• _Problem description_
Transcribe, word for word and without additions, each line below from the one containing "The arbeitsbuch is" through the one containing "365官网向北京耘梯教育集团", both ends included.

• _Given data_

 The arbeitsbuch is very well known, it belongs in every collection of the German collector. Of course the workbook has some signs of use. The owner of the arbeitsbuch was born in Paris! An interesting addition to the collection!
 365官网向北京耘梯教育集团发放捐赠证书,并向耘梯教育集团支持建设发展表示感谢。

==

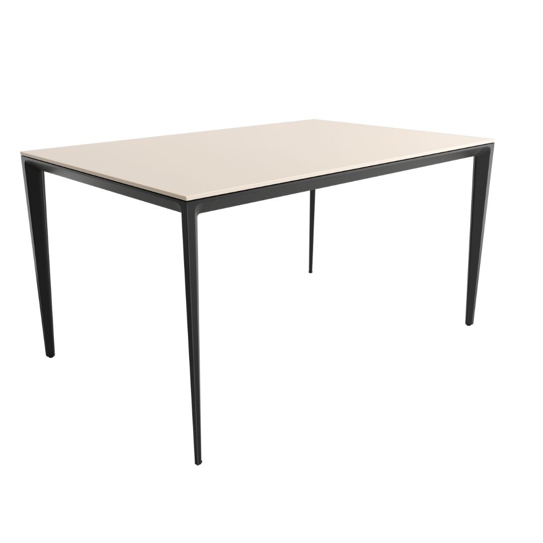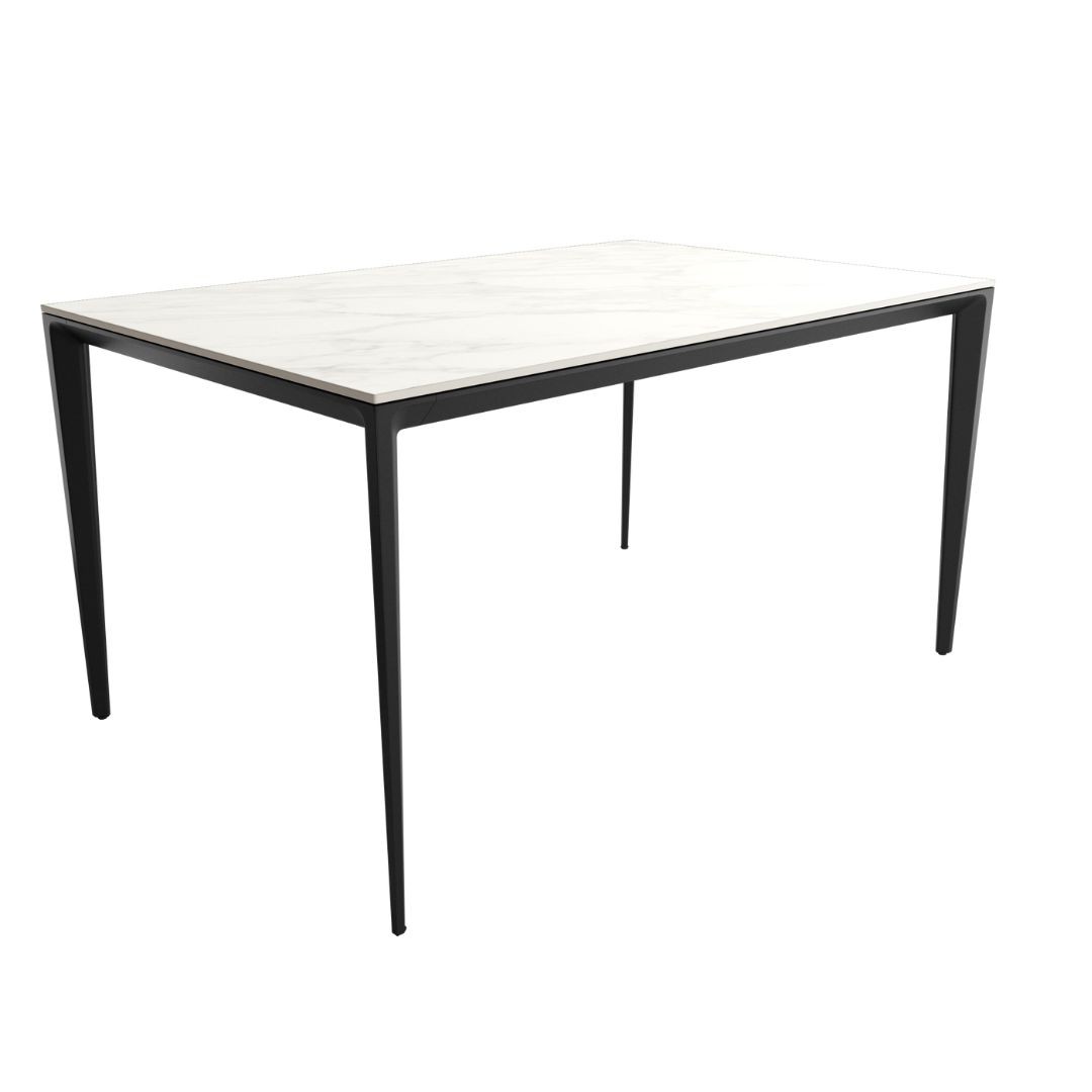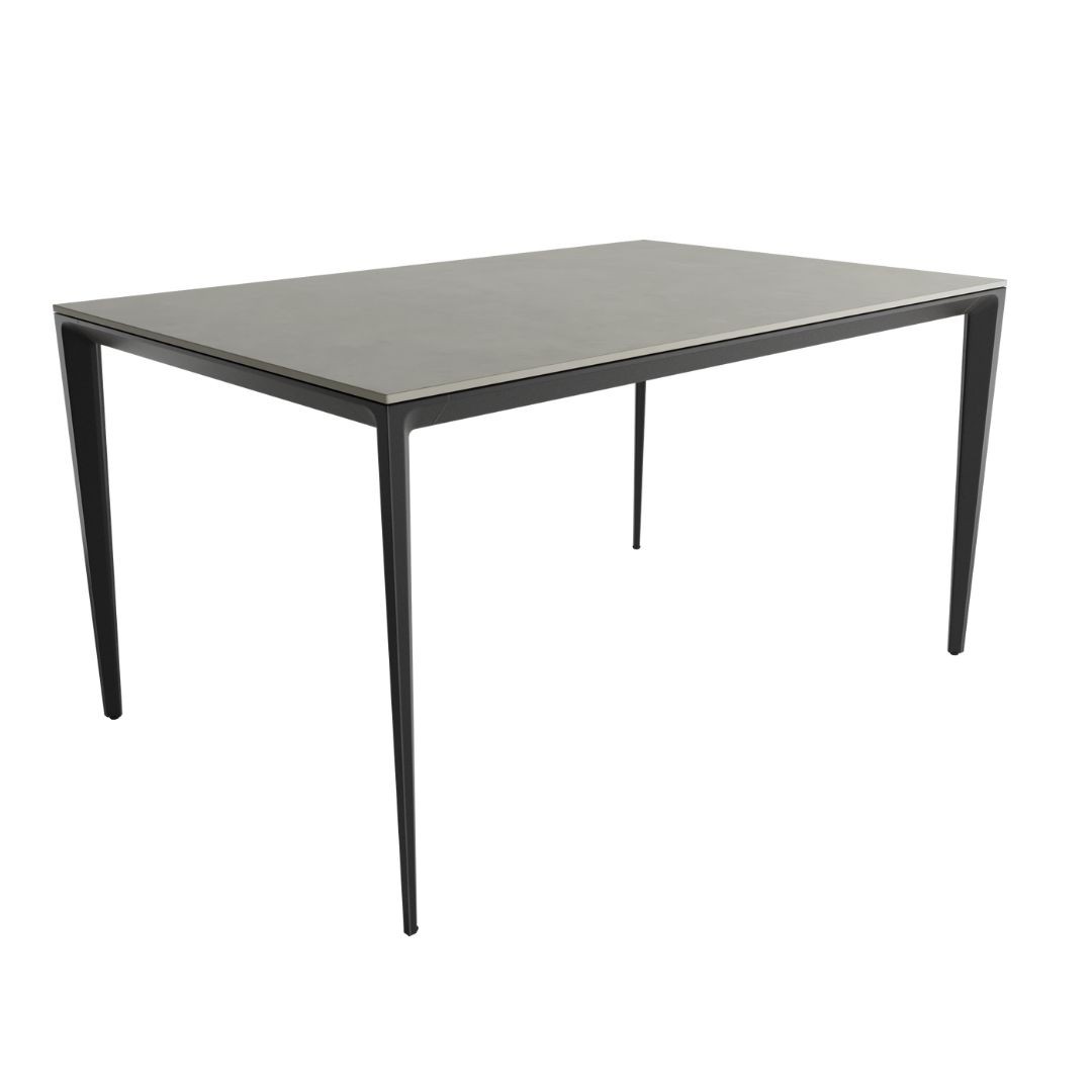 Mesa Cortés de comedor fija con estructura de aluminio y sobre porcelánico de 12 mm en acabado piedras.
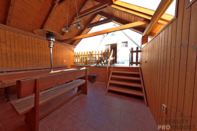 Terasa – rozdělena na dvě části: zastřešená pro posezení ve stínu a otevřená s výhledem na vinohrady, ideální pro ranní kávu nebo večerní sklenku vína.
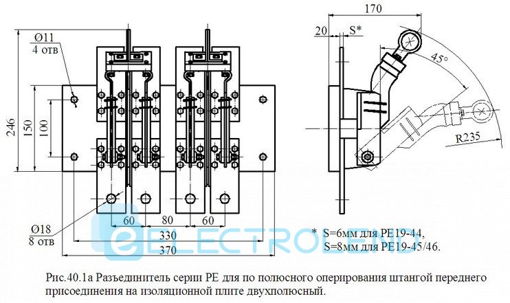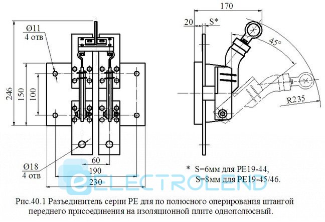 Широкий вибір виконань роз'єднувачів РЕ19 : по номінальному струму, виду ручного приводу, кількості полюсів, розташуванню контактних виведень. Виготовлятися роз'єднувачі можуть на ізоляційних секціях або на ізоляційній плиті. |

• _Solved problem_
 The arbeitsbuch is very well known, it belongs in every collection of the German collector. Of course the workbook has some signs of use. The owner of the arbeitsbuch was born in Paris! An interesting addition to the collection!
 365官网向北京耘梯教育集团发放捐赠证书,并向耘梯教育集团支持建设发展表示感谢。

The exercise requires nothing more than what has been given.